By the time I met Chris, I’d got faking oysters down to a fine art, although I still felt like the child in The Emperor’s New Clothes, itching to call people out on what seemed to me like pretension. That said, I had come to enjoy the ritual: the platter mounded with sparkling shavings of ice, the crowning with lemon, even the loosening of the mollusc from its pearly white shell. I just refused to believe anyone really enjoyed the oysters themselves.

‘Better, deeper, connections with others are usually rooted in truthfulness.’ Photograph: Orlando Gili

It was on our third date that Chris suggested oysters. We weren’t celebrating, we weren’t at a seafood restaurant; we’d gone to a small Portuguese bar that just happened to have oysters that evening, and he fancied sharing some.

I am not an epiphany person – I tend to think damascene moments are actually an accumulation of experiences crystallised into one by rose-tinted specs – but I do remember feeling I was at a fork in the road as I studied my menu and considered my reaction. I could lie, as I usually did – but it felt as if I’d be doing him and our budding relationship a disservice. I would be relegating him to the same status as past dates with whom I’d kept up my charade, and while it was early days, I thought he deserved more honesty. Potentially, I’d be signing myself up to a lifetime of “liking oysters”, of staring down bulbous bivalves in gnarly shells and having to swallow at least three, if not six, with enthusiasm.

Chris’s appreciation for oysters appeared to be sincere. There was no champagne (I clocked, heart sinking) and he had always seemed genuine.
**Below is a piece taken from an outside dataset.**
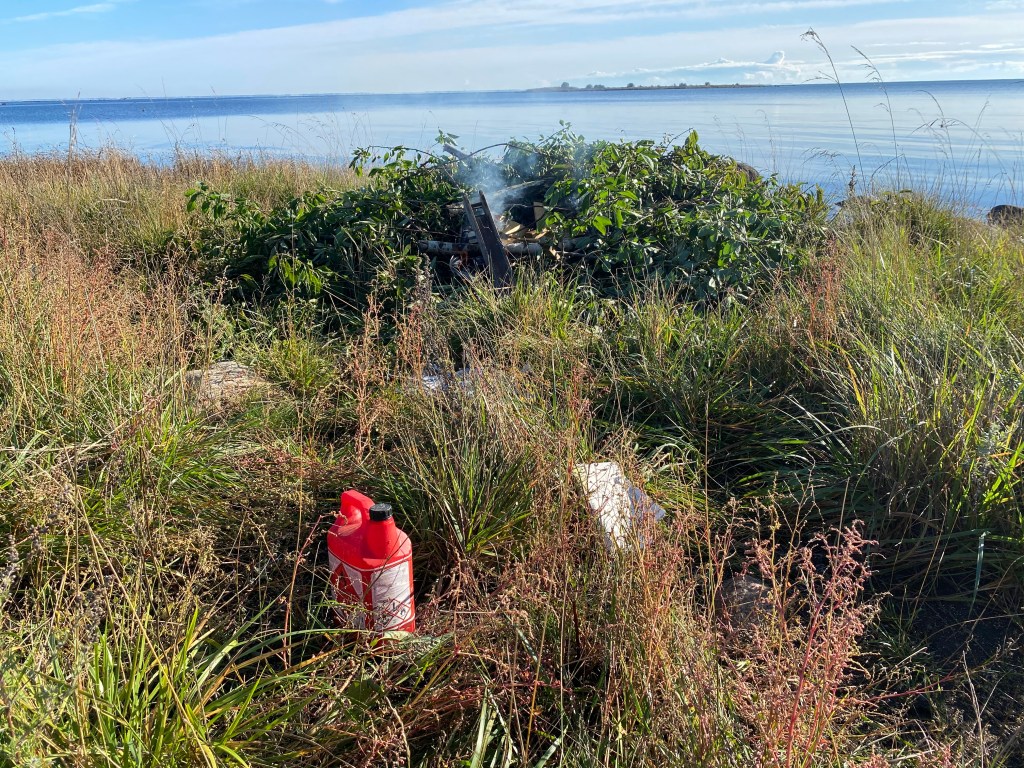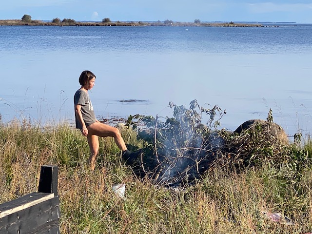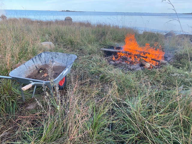 Men framför blev elden någonting att samlas kring och det är vad vi gjort idag. Vi har eldat upp grenar och den gamla trallen hos Margareta. Självklart gned jag jag två pinnar mot varann och det tog ett tag innan tändvätskan började brinna.

So I came clean, and told him to tell no one, but I didn’t like oysters very much; I only really ate them to prove my culinary credentials.

He laughed – at the absurdity of my facade and my embarrassment in admitting to it – and asked what other things I’d eaten just to pass as a “foodie”. I hesitated before reeling off my classified list, which included (but is not limited to) natural wine, most blue cheeses, aged red wine, caviar, sushi rice, whipped feta, whipped tofu – and long lunches. It was cathartic and revealing; I thought I’d left my people-pleasing days at school, but this disclosure demonstrated to me just how often I’d been the person I believed others want or expect me to be, rather than being my true self. It’s a skill that can be useful in journalism, but obstructive in dating.

The conversation was irreverent and fun – as our conversations have continued to be for more than two years now – but it was instructive, too. It taught me that better, deeper, connections with others are usually rooted in truthfulness.

In the end, we ordered the oysters. We largely agreed on the rest of my classified list, but he was and is determined to find an oyster I like, and I’ve signed up to that journey – not to impress anyone, but because they are something he loves, and loves to share. To that end, we have developed our own ritual: cheers-ing our respective shells and then assessing whether this one might be the oyster for me.

A few oysters have come close, but for now what I love most is the metaphor these molluscs, suddenly shucked of their shells, have inadvertently created: realising how much richer life is if people like and accept you for being you, rather than for being someone who likes oysters.